Incorrect interpretation of the Aho-Korasik algorithm

In the distant (or maybe not very distant) 1975 Alfred Aho and Margaret Korasik published an article, which described in detail the algorithm for effective search of all occurrences of all sample strings in a given string. In the future, this algorithm was called the “Aho-Korasik algorithm”. It is not surprising that after some time there appeared technical and “artistic” translations of this article into Russian. Sometimes I even came across free expositions of the essence of the algorithm in the form in which the author understands it. Moreover, the latter, judging by the text, found out about the algorithm far from the original source. I don’t know if there was a translation that served as the primary source of the problem, but more and more I come across articles describing the Aho-Korasik algorithm, in which the same cardinal error was made. The last straw was an article by rmqon a hub which this error did not pass. Actually, I would like to tell the public about this mistake in my article.
Note: the rmq user article , as it turned out later, does not contain this error. How it is solved there I will tell below. And many thanks to him, if not for his topic, I would not have written my own and would not have received an invite!
Before starting, a few words about the target audience: Most likely, those who have been familiar with the Aho-Korasik algorithm for a long time will not be interested in my article, since they have long known about its features. At least, all my familiar programmers more than once using this algorithm know about the existence of its incorrect interpretations firsthand. But for beginners and those who have not been able to often apply it in practice, this article can be quite useful.
So, let's begin.

In order not to waste readers' time, I will miss a detailed description of the algorithm (this can be read in the original article) and start with an example and a picture in order to quickly go over the terms and talk further “in one language”.
Let us look for the following list of sample strings: {"HE", "SHE", "HIS", "HER"}. First of all, we need to build an automaton. The very finite state machine with states and transitions, on the basis of which the Aho-Korasik algorithm is built. The black circle indicates the initial state of the automaton. Blue circles will indicate the next state of the automaton, the achievement of which does not mean the fact of detection of the sample string. And, finally, blue circles with a crosshair - this is the next state of the machine, the achievement of which means the fact of detecting the sample string. Naturally, transitions stretch between them - black arrows signed with letters, which are the condition for the transition. We will call them the main transitions. If there is no main transition for the next input symbol, the machine goes to its initial state. We call them zero transitions. I don’t specifically indicate these transitions, so as not to clutter up the picture. About zero transitions, it is worth noting that when you click on them, the input symbol is not absorbed, that is, it remains in the input line and will be used again after the transition. An exception is the zero transition from the initial state, where, in fact, the state does not change, and the input symbol is absorbed.

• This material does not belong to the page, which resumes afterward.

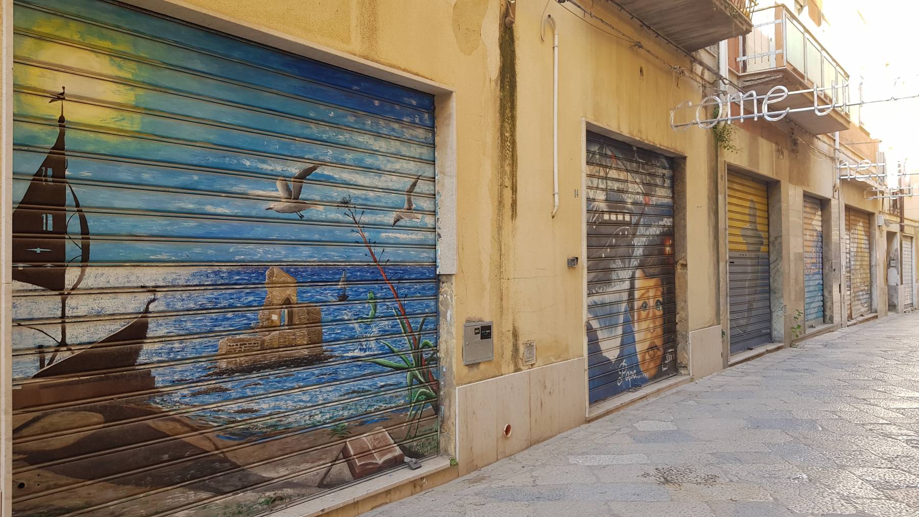 Drei Nächte bleiben wir an „unserem“ Leuchtturm. Wir wollen uns ein paar Orte an der Westküste Siziliens mit arabischem Flair anschauen. Mazara del Vallo und Marsala zunächst. Ersterer macht einen ganz netten Eindruck durch die vielen bemalten Tore und Keramikfliesen an den Wänden. Die engen Gassen wirken Bazarartig. Heute ist der zweite Weihnachtstag, so ist es ziemlich trostlos, da alles zu ist. Immerhin können wir so viele Kunstwerke auf den geschlossenen Toren sehen. Marsala, bekannt durch seinen Likörwein, ist dann doch einiges runtergekommener. Trapani etwas nördlicher, ist auch werktags trostlos, noch runtergekommener und in allen Nebenwegen liegt viel Müll. Noch ein paar erklärende Worte zu unseren eher negativen Eindrücken von den drei Orten. Teilweise historische Architektur und einige gepflegte Gassen oder Wegesabschnitte. Es überwiegen aber, wie überall auf Sizilien, ungepflegte und kaputte Gehwege, viele Gebäude in sehr stark erneuerungsbedürftigem Zustand und Müllansammlungen-/berge an Straßen und vielen Nebenwegen sowie auch an Stränden (speziell Stadtstrand Trapani). Unser Eindruck ist auch, dass vor vielen Jahren viel Geld in die Stadtplanung investiert worden ist, es aber nie bis zum Ende fertig gestellt wurde und sich dann auch niemand mehr darum gekümmert hat.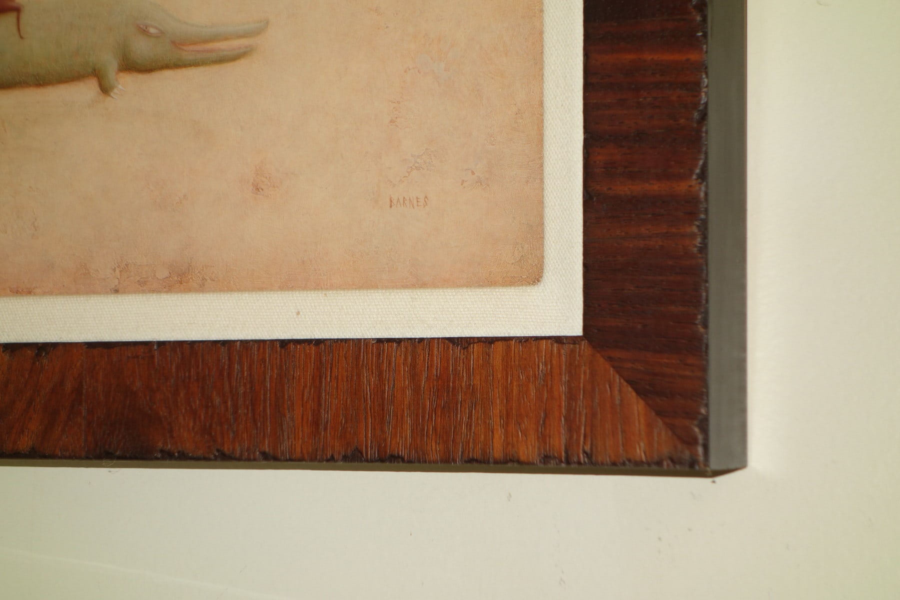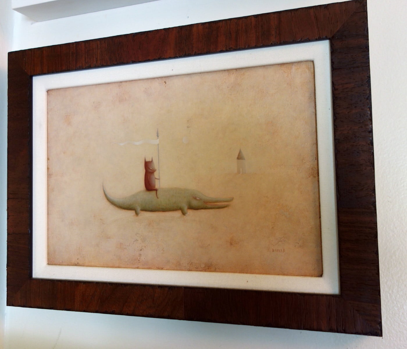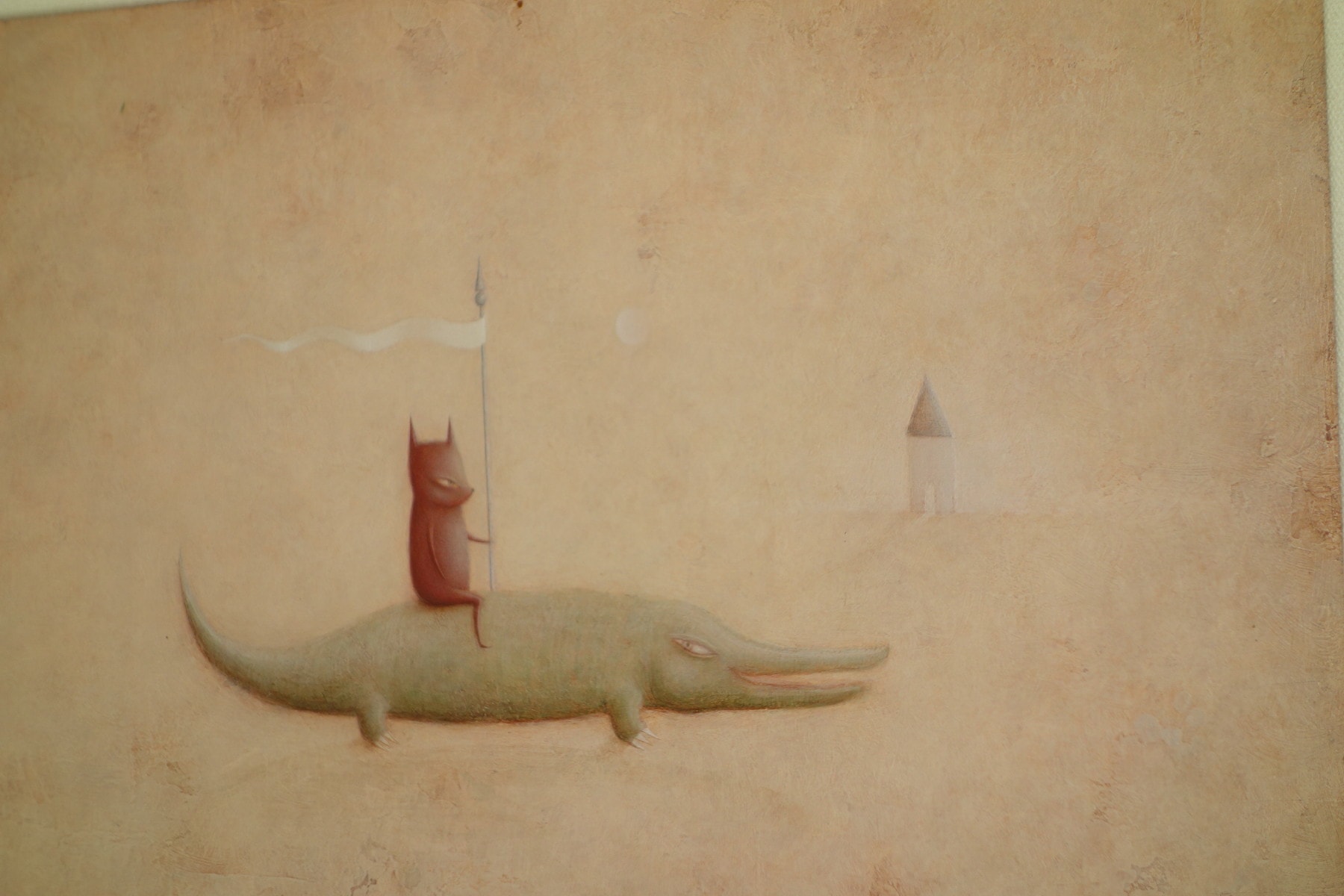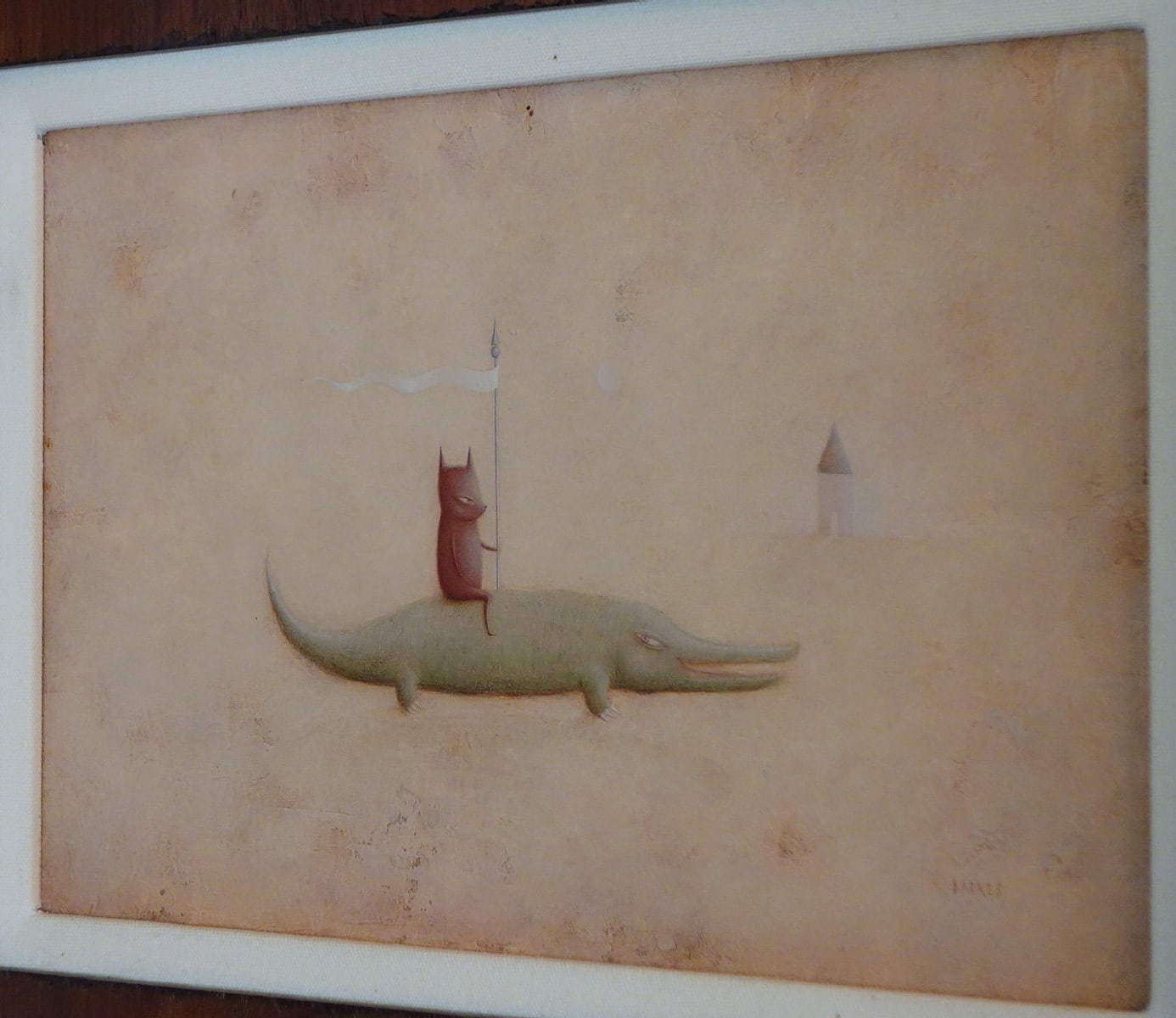 The closeness to nature from the slight isolation of growing up in the rural North of Scotland, along with my fascination of its ancient traditions rich in folklore and legend, no doubt forms the basis of my work. Paul’s beautifully stylized anthropomorphic characters are metaphors for elements of the human condition and they weave gentle narratives infused with myth and magic. Forever fascinated with the past, Barnes paints with a soft and subtle colour palette on a textured support, which lends his work the time worn appearance of ancient relics. It is through his collection of masterful visual cues that Paul invites the viewer to revisit their childhood naivety and unlock the innocent imagination which accompanies it.

The figure shows four blue circles with a crosshair, each of which corresponds to one of the lines of the samples. In fact, this very error is already inherent in this example. The original algorithm describes the automaton a little differently. But first things first.
Recall the so-called suffix links. These are transitions that indicate which state to switch to if there is no main transition for the next character of the input line. In the following figure, they are indicated by dotted black arrows. We will call them suffix transitions or suffix links. Passing through suffix links by analogy with a null transition does not absorb the input character. As in the first case, I do not depict transitions leading to the initial state in the absence of the main transition.

In the example, without suffix links, but with zero transitions, all occurrences (“HE”, “HER”, “HE”, “HIS”) will be found in the “HERHEHIS” line. But in the input string “HISHER” only three entries will be found (“HIS”, “HE”, “HER”) and the machine will not detect the occurrence of the sample string “SHE”, which is easy to verify. In the case of suffix links for the string “HERHEHIS” the result will be the same, and for the string “HISHER” the result will be a list of four found entries: (“HIS”, “SHE”, “HE”, “HER”). That is, in the latter case, all occurrences were found. No, no, this is not the mistake I wanted to talk about. In no case do not think so. For someone to forget about suffix links, I have not seen this before. Still to come.
I did not begin to describe in detail the algorithm for constructing an automaton, but we will consider the search algorithm for the cases described above in more detail. To do this, for convenience, we will first give an automaton without suffix links, in which we number its states (blue numbers near the corresponding circles).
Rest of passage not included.